The Galileo probe, which has travelled around Jupiter for more than ten years and contributed huge amounts of knowledge about the planet is about to be sent plunging into Jupiter’s atmosphere.
THis itself isn’t news perhaps, but what really caught my eye about this story was the consideration and planning that went into HOW to destroy Galileo. As quoted in
this article, NASA has decided to burn up Galileo to protect life that may exist on one of it’s moons:
The three-ton spacecraft is sailing through the outbound leg of its 35th and final orbit of Jupiter.
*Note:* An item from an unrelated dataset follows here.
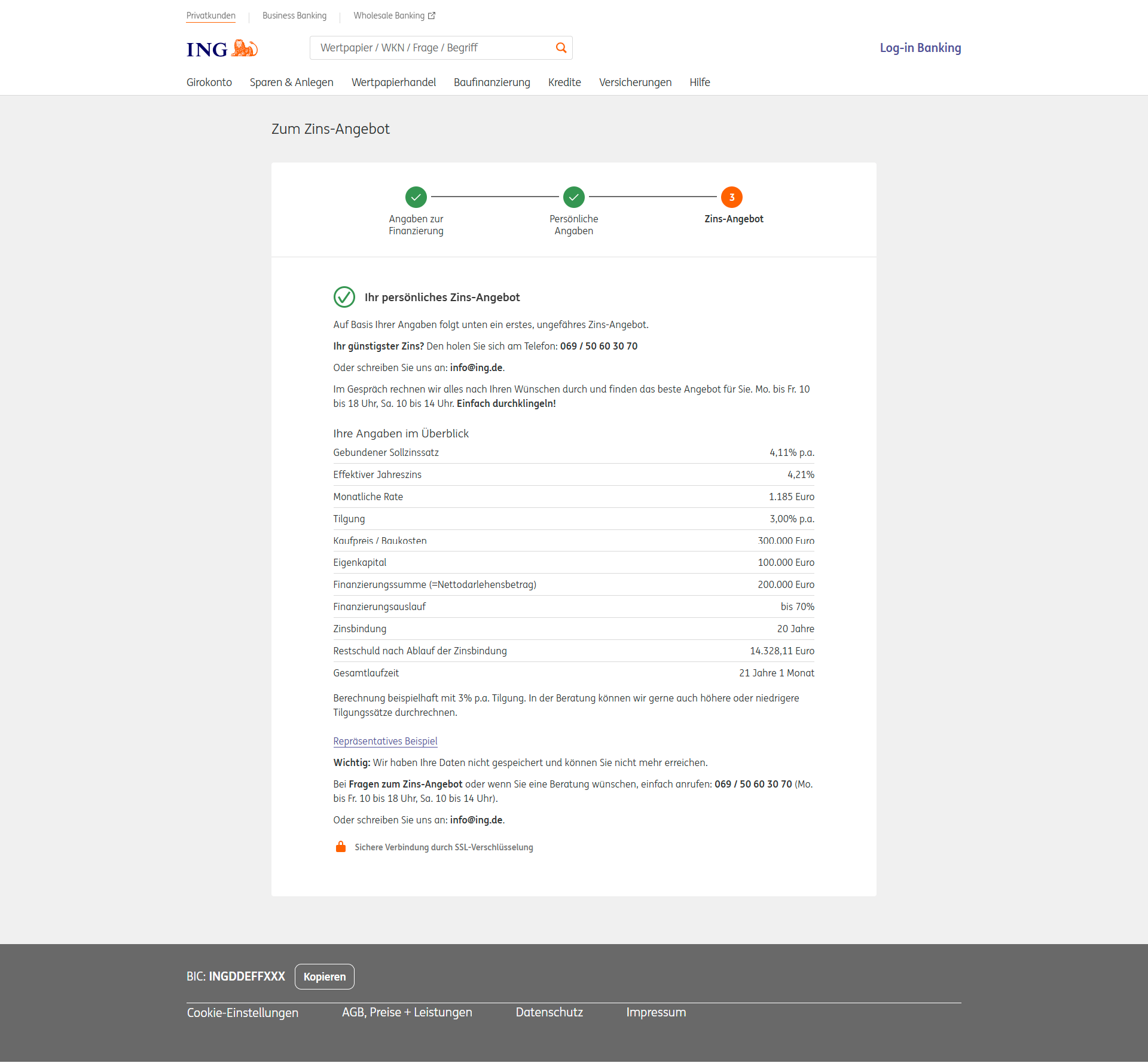 Die unverbindliche Anfrage setzt sich aus den Eckdaten der Finanzierung zusammen, unter anderem aus der Finanzierungsart, dem Objekt, der Nutzung, dem Kaufpreis und dem Eigenkapital. Schritt zwei umfasst die persönlichen Daten inklusive Einkommen und die Kontaktdaten (optional). Wer möchte, kann der Kontaktaufnahme durch die ING oder das Schwesterunternehmen Interhype zustimmen. Ein solches Gespräch dauert 30 bis 60 Minuten und dient dazu, die Finanzierung perfekt auf den Kunden abzustimmen. Das Ergebnis sind mehrere Finanzierungsvorschläge, aus denen man wählen kann. Auch wenn man sich gegen die Kontaktaufnahme entscheidet, erhält man ein ungefähres Zinsangebot.

It will crash into Jupiter on Sept. 21, a deliberate plunge into the dark side of the planet — out of view from Earth — at 108,000 mph.
The robotic suicide is designed to eliminate any chance that a hardy microbe, possibly alive in the radiation-shielded bowels of the spacecraft, could contaminate one of Jupiter’s moons, where subsurface oceans may harbor life.
This is such a generous act, full of reverence for life that may not even exist. It is an act that is the golden rule embodied, bringing to mind, as is happening in outer space, the Star Trek Prime Directive:
As the right of each sentient species to live in accordance with its normal cultural evolution is considered sacred, no Star Fleet personnel may interfere with the healthy development of alien life and culture. Such interference includes the introduction of superior knowledge, strength, or technology to a world whose society is incapable of handling such advantages wisely. Star Fleet personnel may not violate this Prime Directive, even to save their lives and/or their ship unless they are acting to right an earlier violation or an accidental contamination of said culture. This directive takes precedence over any and all other considerations, and carries with it the highest moral obligation.
Am I alone in thinking that this is the first human action in outer space that conforms consciously to this directive?